Look below for the line with "The supply temperature" and the line with "2. 截至发稿,德国DAX指"; repeat exactly those two lines and all lines between them, but no pictures.

Listed entries ▸
--

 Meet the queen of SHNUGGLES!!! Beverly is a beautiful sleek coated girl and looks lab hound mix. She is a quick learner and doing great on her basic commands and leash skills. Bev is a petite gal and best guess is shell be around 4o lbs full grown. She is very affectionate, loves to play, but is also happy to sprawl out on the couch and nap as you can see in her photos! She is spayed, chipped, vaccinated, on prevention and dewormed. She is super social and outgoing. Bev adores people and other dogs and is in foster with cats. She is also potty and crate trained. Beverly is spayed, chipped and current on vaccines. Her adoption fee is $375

--

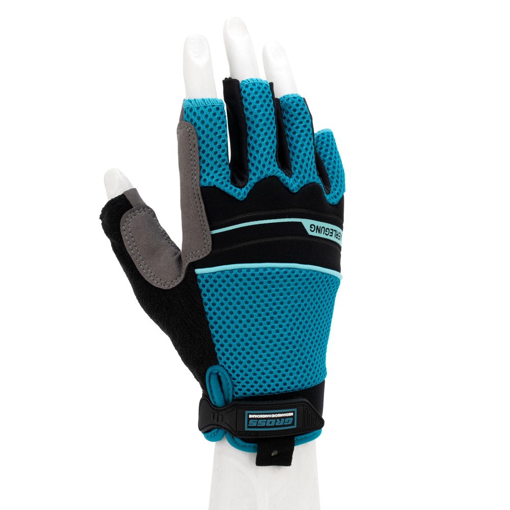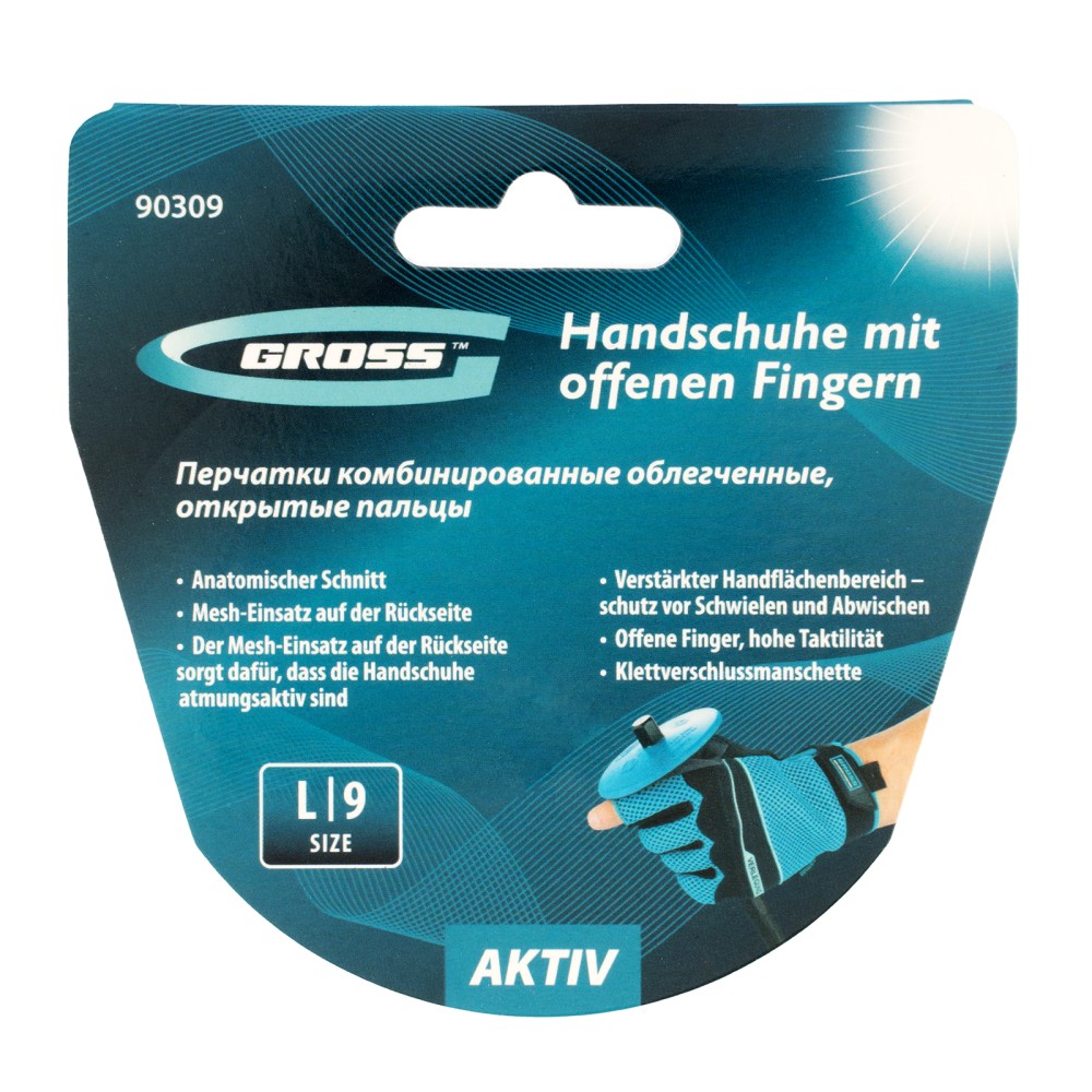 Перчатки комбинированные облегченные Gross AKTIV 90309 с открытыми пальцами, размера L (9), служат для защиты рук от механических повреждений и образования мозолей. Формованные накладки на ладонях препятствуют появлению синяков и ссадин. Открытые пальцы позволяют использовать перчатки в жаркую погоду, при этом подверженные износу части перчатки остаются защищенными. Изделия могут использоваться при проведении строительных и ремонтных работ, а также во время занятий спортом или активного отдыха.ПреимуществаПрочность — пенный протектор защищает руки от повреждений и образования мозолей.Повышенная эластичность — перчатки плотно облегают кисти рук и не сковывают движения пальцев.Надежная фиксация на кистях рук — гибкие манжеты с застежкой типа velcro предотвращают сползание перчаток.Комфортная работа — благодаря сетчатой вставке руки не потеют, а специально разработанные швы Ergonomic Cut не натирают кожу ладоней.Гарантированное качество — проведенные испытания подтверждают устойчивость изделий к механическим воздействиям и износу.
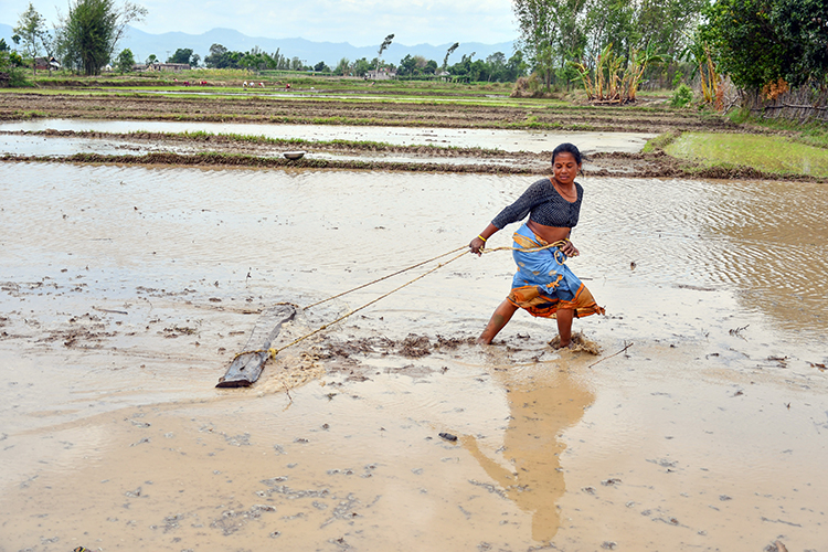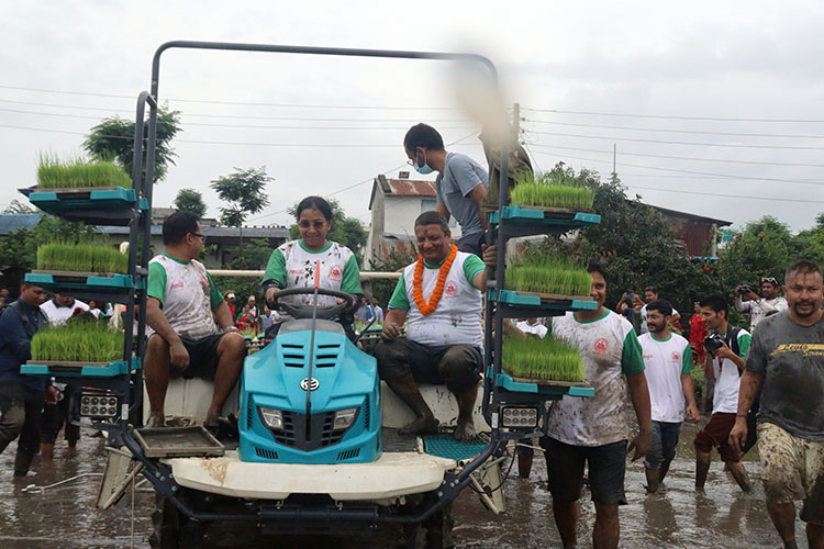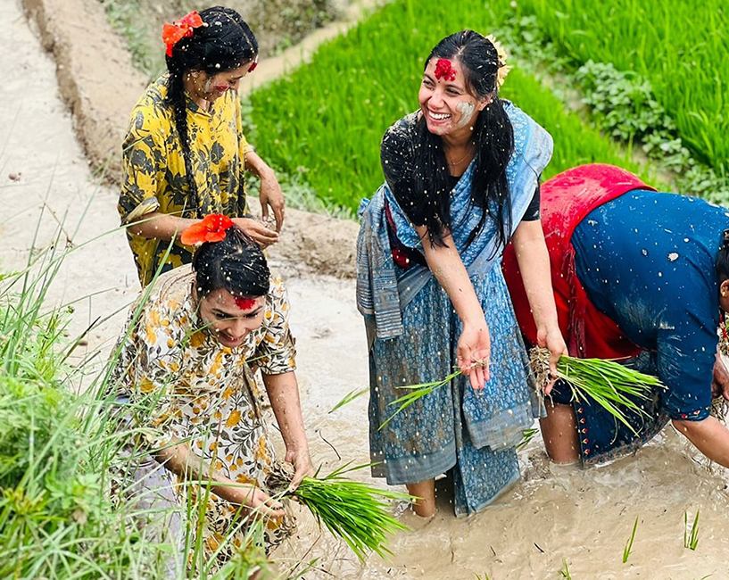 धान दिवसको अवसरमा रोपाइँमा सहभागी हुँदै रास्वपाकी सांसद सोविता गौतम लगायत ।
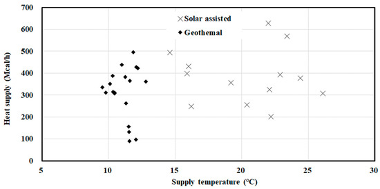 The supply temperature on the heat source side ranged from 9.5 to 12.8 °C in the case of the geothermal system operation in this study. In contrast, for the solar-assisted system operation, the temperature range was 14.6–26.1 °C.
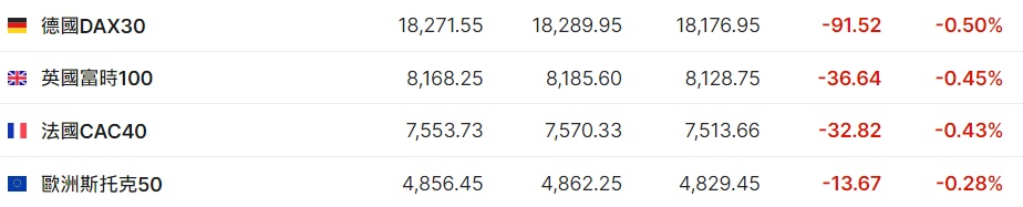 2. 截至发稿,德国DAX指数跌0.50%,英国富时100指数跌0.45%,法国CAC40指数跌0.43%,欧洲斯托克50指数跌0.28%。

--

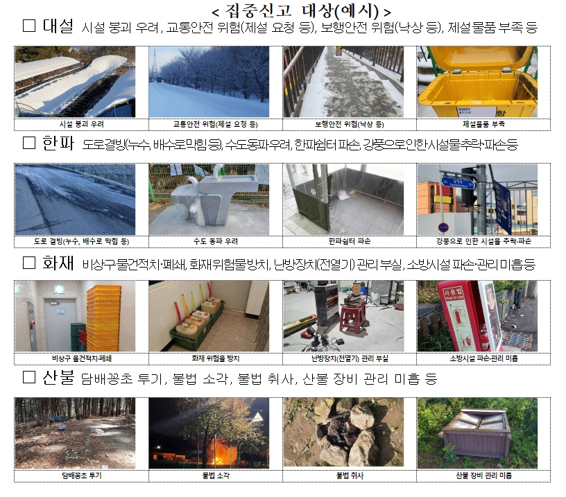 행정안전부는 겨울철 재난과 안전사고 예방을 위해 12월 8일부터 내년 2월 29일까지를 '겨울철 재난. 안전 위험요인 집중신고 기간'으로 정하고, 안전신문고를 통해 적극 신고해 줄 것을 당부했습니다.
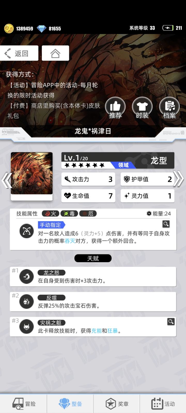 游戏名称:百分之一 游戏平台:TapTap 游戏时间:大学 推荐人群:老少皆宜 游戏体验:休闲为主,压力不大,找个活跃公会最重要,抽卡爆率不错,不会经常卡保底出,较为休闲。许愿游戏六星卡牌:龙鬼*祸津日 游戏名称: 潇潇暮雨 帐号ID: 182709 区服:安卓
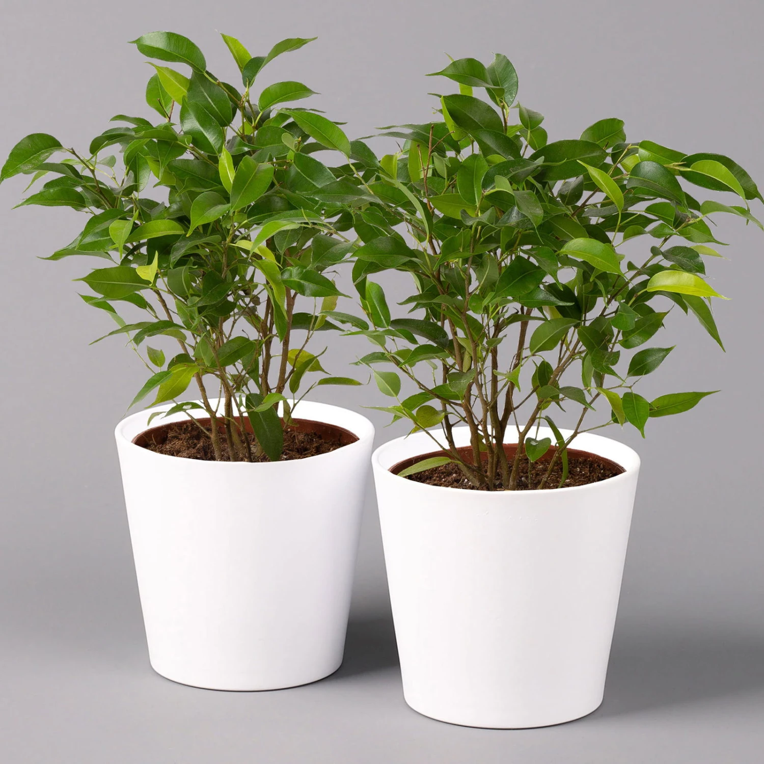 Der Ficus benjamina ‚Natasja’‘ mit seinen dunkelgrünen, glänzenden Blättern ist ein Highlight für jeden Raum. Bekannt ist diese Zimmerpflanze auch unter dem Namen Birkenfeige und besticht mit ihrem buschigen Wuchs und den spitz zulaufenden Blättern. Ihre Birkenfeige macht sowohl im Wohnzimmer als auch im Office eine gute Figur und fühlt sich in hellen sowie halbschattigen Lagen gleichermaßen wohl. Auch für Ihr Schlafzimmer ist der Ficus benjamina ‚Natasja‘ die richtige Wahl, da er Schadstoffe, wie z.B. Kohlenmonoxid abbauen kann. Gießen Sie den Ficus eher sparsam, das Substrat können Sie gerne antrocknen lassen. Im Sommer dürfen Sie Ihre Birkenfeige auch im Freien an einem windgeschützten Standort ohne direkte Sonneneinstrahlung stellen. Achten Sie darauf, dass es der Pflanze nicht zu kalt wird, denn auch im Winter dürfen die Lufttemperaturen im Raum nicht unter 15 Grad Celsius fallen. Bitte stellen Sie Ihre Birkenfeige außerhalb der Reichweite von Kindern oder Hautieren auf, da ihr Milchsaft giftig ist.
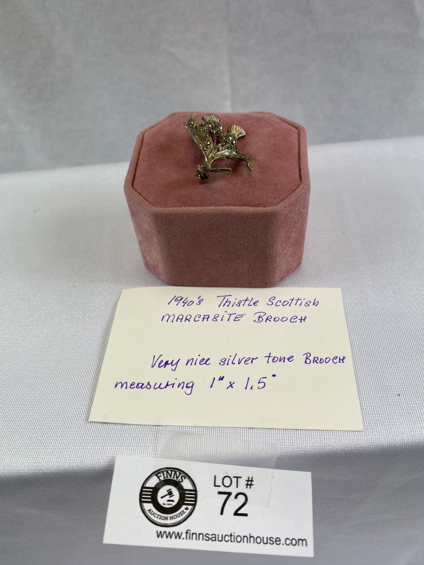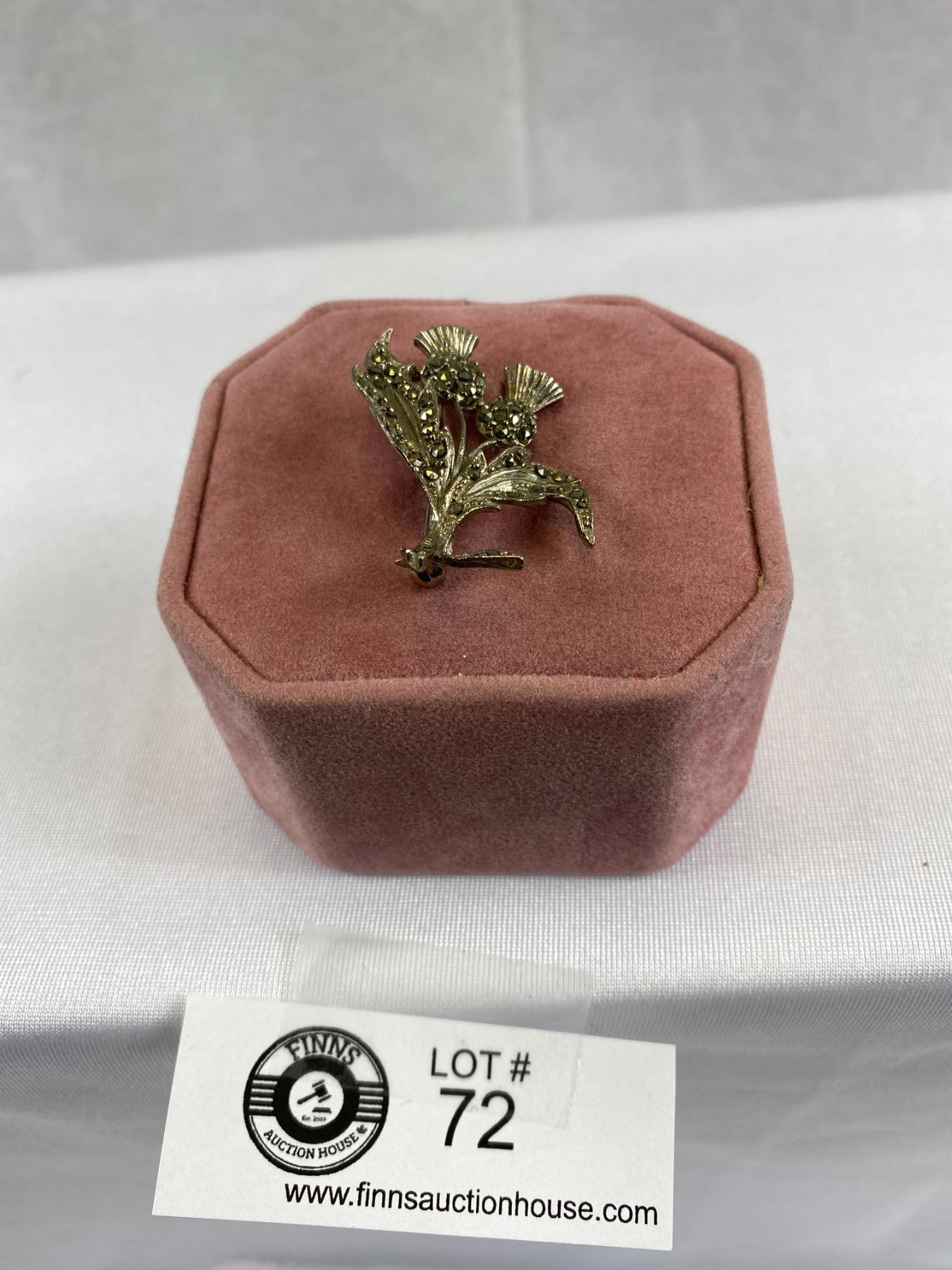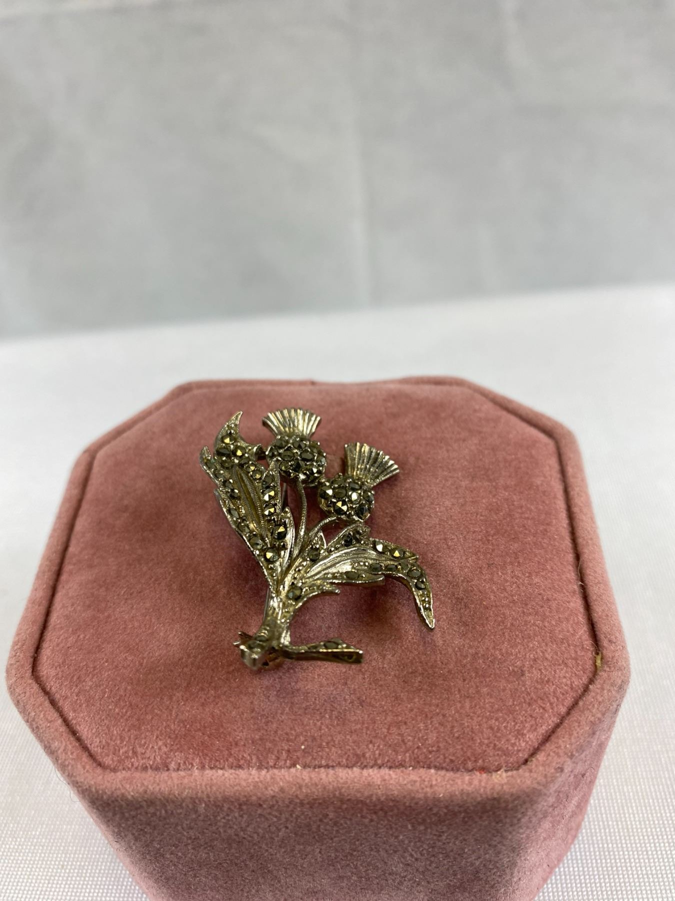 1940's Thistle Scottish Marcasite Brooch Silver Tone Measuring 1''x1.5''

--

Answer to this exercise ▸
 The supply temperature on the heat source side ranged from 9.5 to 12.8 °C in the case of the geothermal system operation in this study. In contrast, for the solar-assisted system operation, the temperature range was 14.6–26.1 °C.
 2. 截至发稿,德国DAX指数跌0.50%,英国富时100指数跌0.45%,法国CAC40指数跌0.43%,欧洲斯托克50指数跌0.28%。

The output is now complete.